Foto © EPAJoe Frazier
Joe Frazier ist tot. Diese Nachricht ließ alle Bilder wieder erstehen. Noch einmal hörte man den Wecker, zog den Hausmantel und ein paar Socken an, setzte sich vor den Schirm und stierte in nicht enden wollende Vorkämpfe. Bis sie kamen, die Großen: Muhammad Ali, George Foreman und die anderen, deren Namen nur noch die Fachleute und die Hardcore-Fans kennen. Man konnte sich der Faszination, der Dramaturgie der damals noch echten Weltmeisterschaftskämpfe nicht entziehen. Sie ist nicht beschreibbar. Nicht vermittelbar. Globusumspannend fieberte man dem Ausgang entgegen.
Wir leben heute. Wir erfahren, dass Joe Frazier, Smokin' Joe, wie er wegen seiner lokomotivartigen Kampfesweise genannt wurde, verarmt gestorben ist. Wir begreifen das nicht. Da hat der Mann drei Mal gegen Muhammad Ali geboxt, einmal gewonnen, hat George Foreman geschlagen, hat unglaubliche Summen an Kampfbörsen und Medienrechten mitbewegt und endet so.
Wir erinnern uns, dass es der Legende Joe Louis ganz ähnlich ergangen wäre, wenn man sich in den Staaten nicht besonnen hätte, diesen Namen nicht verkommen zu lassen. Bei Joe Frazier war das offenbar nicht der Fall. Er, der bedingungslose Fighter, der laut Ali an die Weißen angepasste "Onkel Tom", ist von Muhammad Ali überstrahlt. Der, heute ein sprachgestörter, kaum mehr bewegungsfähiger Mann, blieb der Heroe.
Wenn er sich bei Ehrungen auf Bühnen und vor Kameras schleppte, stellte keiner die Frage nach den Gründen für seinen Gesundheitszustand. Wurde er in Ausnahmefällen doch angesprochen, dann hörte man das stimmige Argument, es bekämen auch nicht boxende Menschen die Parkinsonsche Krankheit.
Das stimmt natürlich. Aber jetzt haben wir die letzten Interviews mit Joe Frazier gesehen. Und der tat sich mit dem Sprechen auch sehr schwer. Wir haben vom Gesundheitszustand noch Lebender oder schon Toter gehört - ich habe sogar einige gesehen wie Jerry Quarry, Ken Norton, Floyd Patterson, George Chuvalo, Michael Spinks und wie sie alle hießen und sie waren hinkende, verblödete, das Sputum nicht mehr beherrschende Wracks.
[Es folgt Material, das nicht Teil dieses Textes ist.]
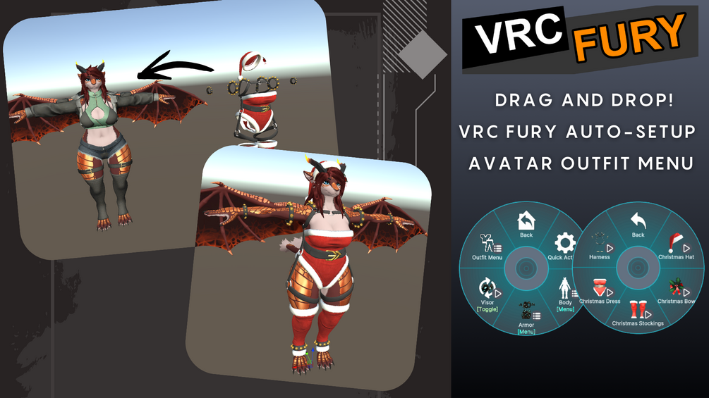 ๐ Christmas outfit, fitted for the Female Dragons! Using VRCFury, easy drag and drop onto the avatar and upload!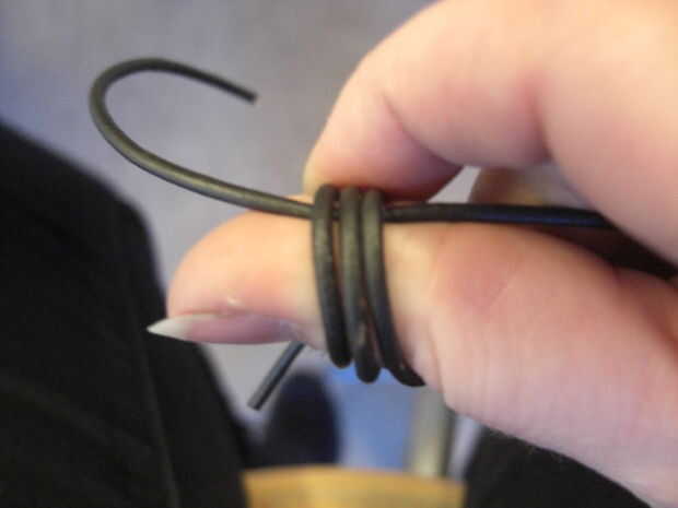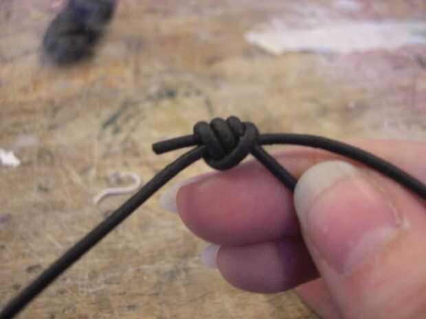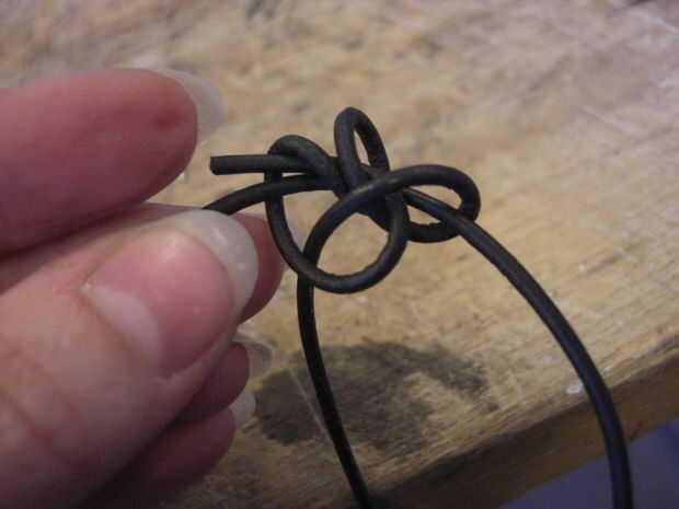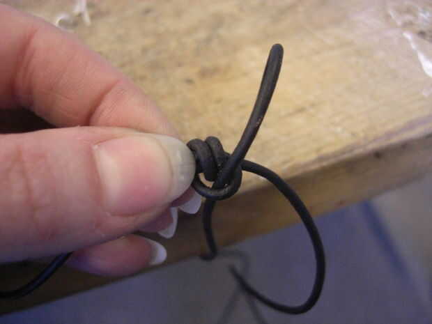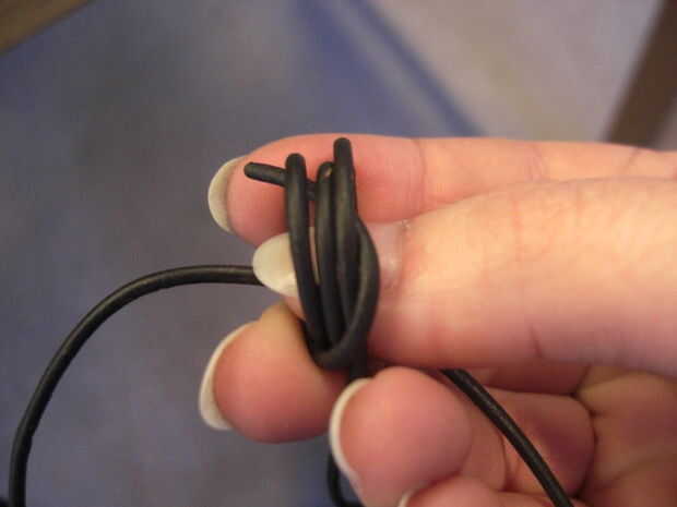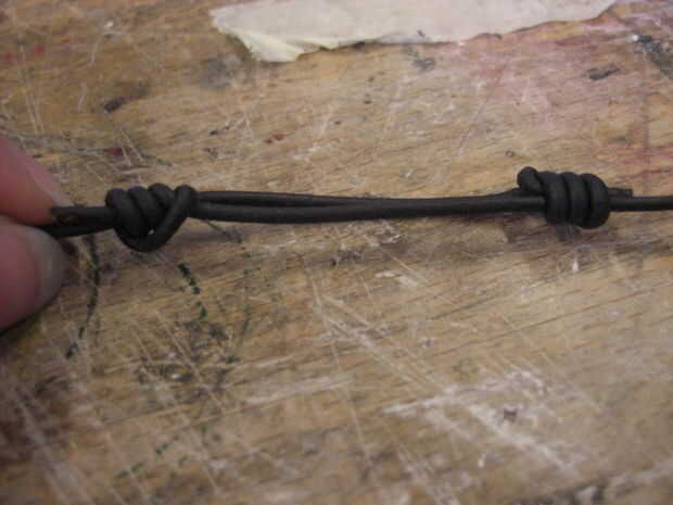 En primer lugar dividí el cordón de cuero en dos. Luego coloca una cuerda a lo largo de mi golpe y luego envuelve el otro alrededor de mi golpe y cuerda 3 veces. Entonces tomó el extremo de la cuerda envuelta y trajo sobre la bobina y había pegado debajo de la bobina en sentido contrario, misma dirección que mi golpe. Me quitan mi golpe de la bobina, evitando tirar el extremo del cable uno y dos. Luego poco a poco saqué en cada extremo de la cuerda en espiral para apretar el nudo, facilitando cada bobina abajo al lado de la anterior por lo que parece ordenado. Después de hecho que el primer nudo era buena y estrecha y no ceder, repetí con el otro cable alrededor. Luego he probado si se resbala effortly a lo largo de unos a otros, hubo un poco de fricción, pero no era demasiado malo.

Ist dieses Ende das zwangsläufige? Keineswegs, wie mir der vitale George Foreman bewiesen hat, als er sich für Pressefotos ein paar Kilogramm Teigwaren auftischen ließ, die sofort nach dem Blitzlichtgewitter abserviert wurden. Dann nagte er ein Hühnerbein ab. Das war vor dem Kampf gegen den Deutschen Axel Schulz, in dem der fettleibige, überalterte Prediger einer der unzähligen Jesus-Christus-Firmen nach der 7. Runde zu Trainer Angelo Dundee ganz vergnügt sagte: "I am really tired."
Wie gut hatte davor der Deutsche Max Schmeling seine wechselvolle, also an Prügeln reiche Karriere, überstanden. Wir wissen also, ein schlimmes Schicksal ist nicht unvermeidbar, das Risiko aber groß. Zu groß?
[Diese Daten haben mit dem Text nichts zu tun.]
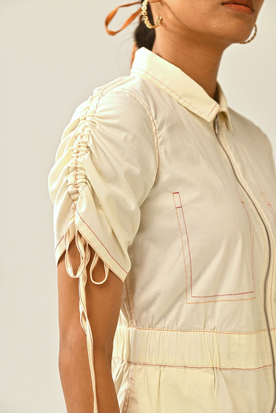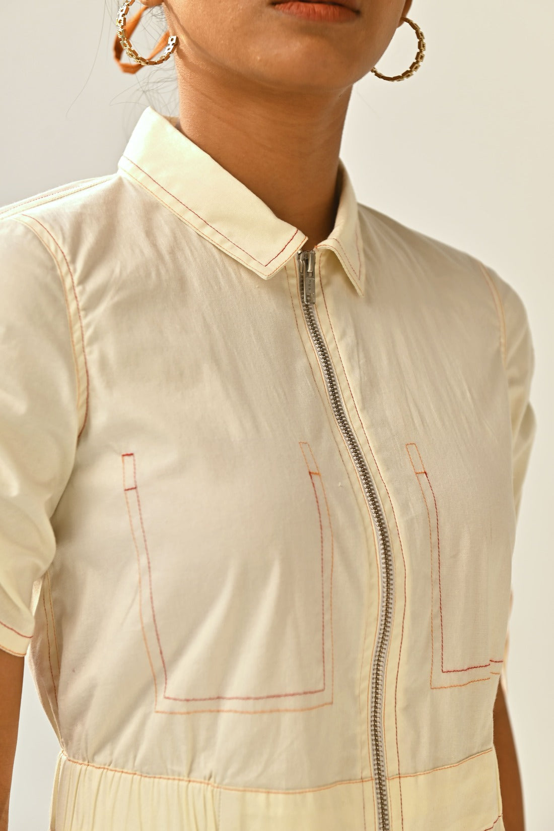 This Clover Romper is perfect for those summer days! It is made from a blend of cotton and lycra for maximum comfort and quality, and the butter colour and contrast stitches give an elegant but joyous look. An easy and fun choice for the summertime!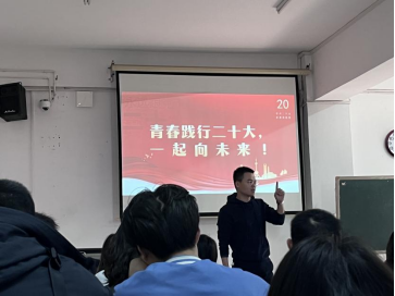 学院全体辅导员精心组织班会,通过主题学习、观看视频、交流互动等方式引导同学们紧紧围绕“爱国”“团结”“奋斗”“科学”“互助”五个关键词,分享如何践行党的二十大精神,争做新时代好青年。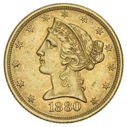 USA, FIVE DOLLARS OR HALF EAGLE, 1880, Liberty head. Nearly extremely fine.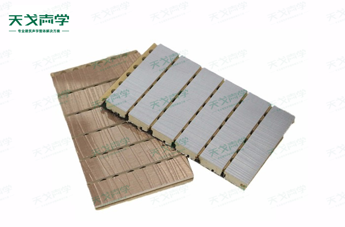 天戈多功能廳槽木吸音板是一種在密度板的正面開槽、背面穿孔的狹縫共振吸音材料。槽木吸音板對吸聲頻譜選擇性很強,對中低頻有很好的吸聲性能。若在吸聲結(jié)構(gòu)后空腔填入適量的吸聲棉可提高中、高頻吸聲效果,標準化模塊設計,采用插槽、龍骨結(jié)構(gòu),安裝簡易,常用于墻面或天花裝飾。

Das Berufsboxen der Gegenwart wird von zwei Athleten aus der Ukraine dominiert. Wir sprechen vom Schwergewicht, der höchsten, der publikumswirksamsten, keineswegs der interessantesten Gewichtsklasse. Die Brüder Vitali und Wladimir Klitschko sind umstritten. Unbestritten sind ihre Form, ihre Intelligenz, ihre Integrationsfähigkeit in die deutsche Gesellschaft und Medienlandschaft. Aber ihr Kampfstil schmeckt den Box-Romantikern nicht. Sie boxen mit Konzept, sie scheuen den "offenen Schlagabtausch" wie es nur geht. Sie rechnen. Die Nostalgiker, die Frühaufsteher von einst, mögen das nicht. Sie stünden nicht mehr auf, würden die Klitschkos in Übersee boxen.
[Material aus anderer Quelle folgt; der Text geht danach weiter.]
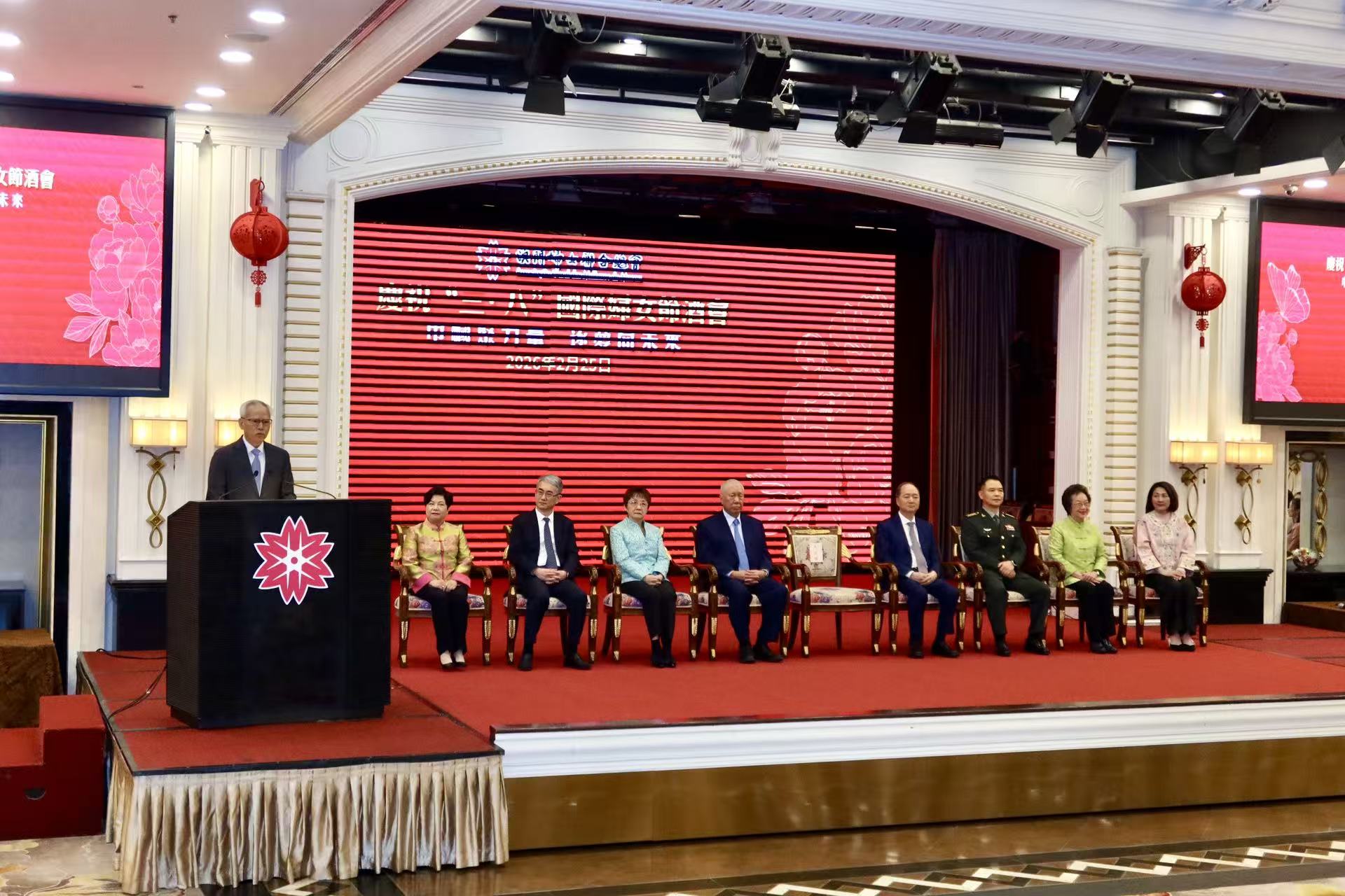 【即時新聞】婦聯總會下午三時假萬豪軒舉行慶祝“三·八”國際婦女節酒會,行政長官岑浩輝、全國政協副主席何厚鏵、中聯辦主任鄭新聰、外交公署特派員卞立新、駐澳部隊副司令員戴勁松、立法會主席張永春出席,在婦聯總會永遠會長賀定一、會長劉金玲、理事長袁小菱陪同下主禮及祝酒。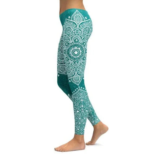 Side view of woman wearing teal mandala patterned yoga leggings with bare feet on white background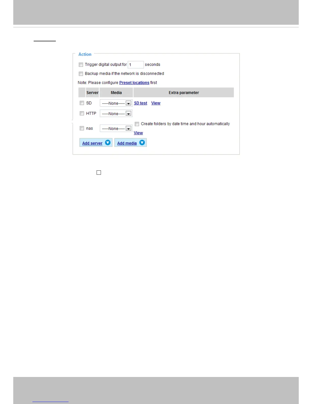 Dene the actions to be performed by the Network Camera when a trigger is activated.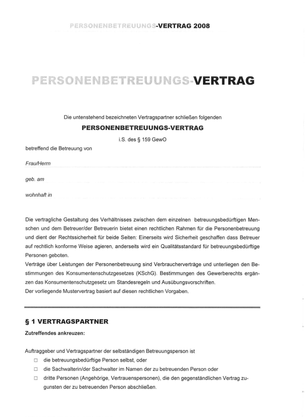 Der B stellt fest, ob der Personenbetreuer die notwendigen Voraussetzungen und Qualifikationen für die vermittelte Tätigkeit besitzt. Dem Personenbetreuer sind die Vorgaben des B bekannt. Sie entsprechen dem Gewerbeumfang der selbständigen Personenbetreuung laut Anhang. Der B verpflichtet sich regelmäßige Qualitätskontrollen durchzuführen, wobei er sich ein Bild von der Pflege und Betreuungssituation zu verschaffen hat und falls notwendig geeignete verkehrsverbessernde Maßnahmen einzuleiten.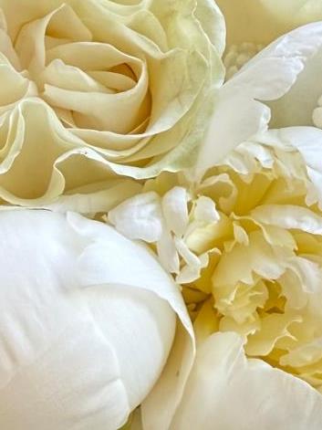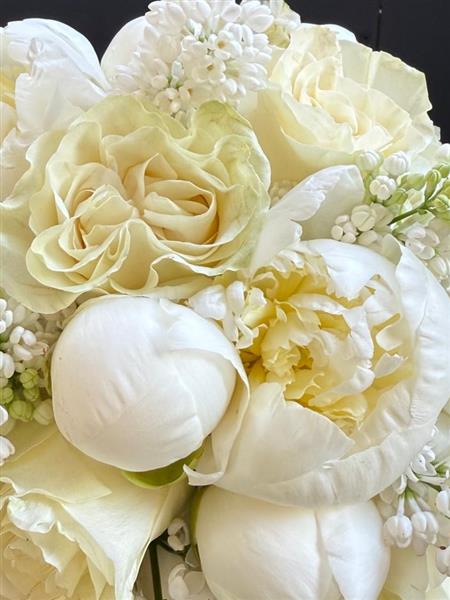 A beautiful mixed wedding bouquet of white flowers. Using Cream Mondial Roses, White Syringia, White Peony’s, a small touch of foliage around the edge.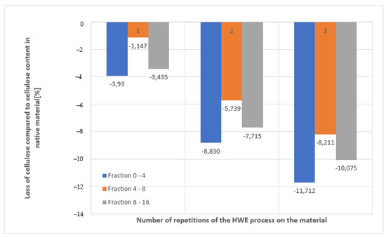Analyzing the percentage of cellulose content shown in Table 4, we can see that the HWE process resulted in a decrease in cellulose content with each repetition of the HWE process. The total range within which there was a decrease in cellulose content after each repetition of the HWE process is from about 2 to 5%, with the range varying slightly in each fraction. The largest decrease in cellulose occurred in chips of fractions 0–4, while the smallest was in fractions 4–8. In fractions 8–16, there was a decrease that was smaller than in fractions 0–4 but greater than in fractions 4–8. The largest decrease in cellulose content occurred under the second repetition, while the smallest was after the third repetition; this relationship is the same for chip fractions 8–16 and 0–4.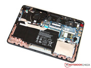 Like the keyboard, the touchpad is also inset in the aluminum cover of the base unit by several millimeters, which helps to clearly mark the input surface from the surrounding palm rest. Unfortunately, the slightly glossy finish of the Synaptic pad only works well with perfectly dry hands - sweaty fingers will cause considerable resistance. Multi-touch gestures like pinch-zoom are no problem, thanks to the impressive 11 x 7 centimeter (4.33 x 2.76 inch) dimensions, and can be configured according to user preferences in the driver panel.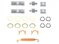 Brake hardware kit 100.4515.50 for Meritor 4515P cast brakes. For shoe 142.451585. Kit includes spring, roller, anchor pin bushings, lock rings, anchor pins, spring clips, felt retainers and anchor pin felt. Replaces Meritor number KIT9081.

Ich meine, man tut den beiden unrecht. Sie sind nicht "der Tod" des Boxens. Sie versuchen mit Erfolg, ihn zu vermeiden. Aber der Kenner hat in Vitali Klitschkos Kampf gegen Lennox Lewis auch gesehen, dass der steife, lange Ukrainer an die existenzielle Grenze geht, wenn es denn sein muss.
Das Berufsboxen stirbt. Langsam, aber doch. Die neuen Kampfsportarten, die mit den Beintechniken, die, wo eben auch getreten wird, saugen das von Gewalt faszinierte Publikum ab. Die ganz neuen Perversionen des Zweikampfs wie "Ultimate Fighting", auch "Martial Art" genannt, scheinen unaufhaltsam zu sein.
Wir aber denken zurück. An den "Thriller von Manila". An Muhammad Ali, der damals nicht mehr so einzigartig war wie einst, als er noch Cassius Clay hieß. Wir beben romantisch nach. Aber wir sollten nicht trauern, dass es vorbei ist.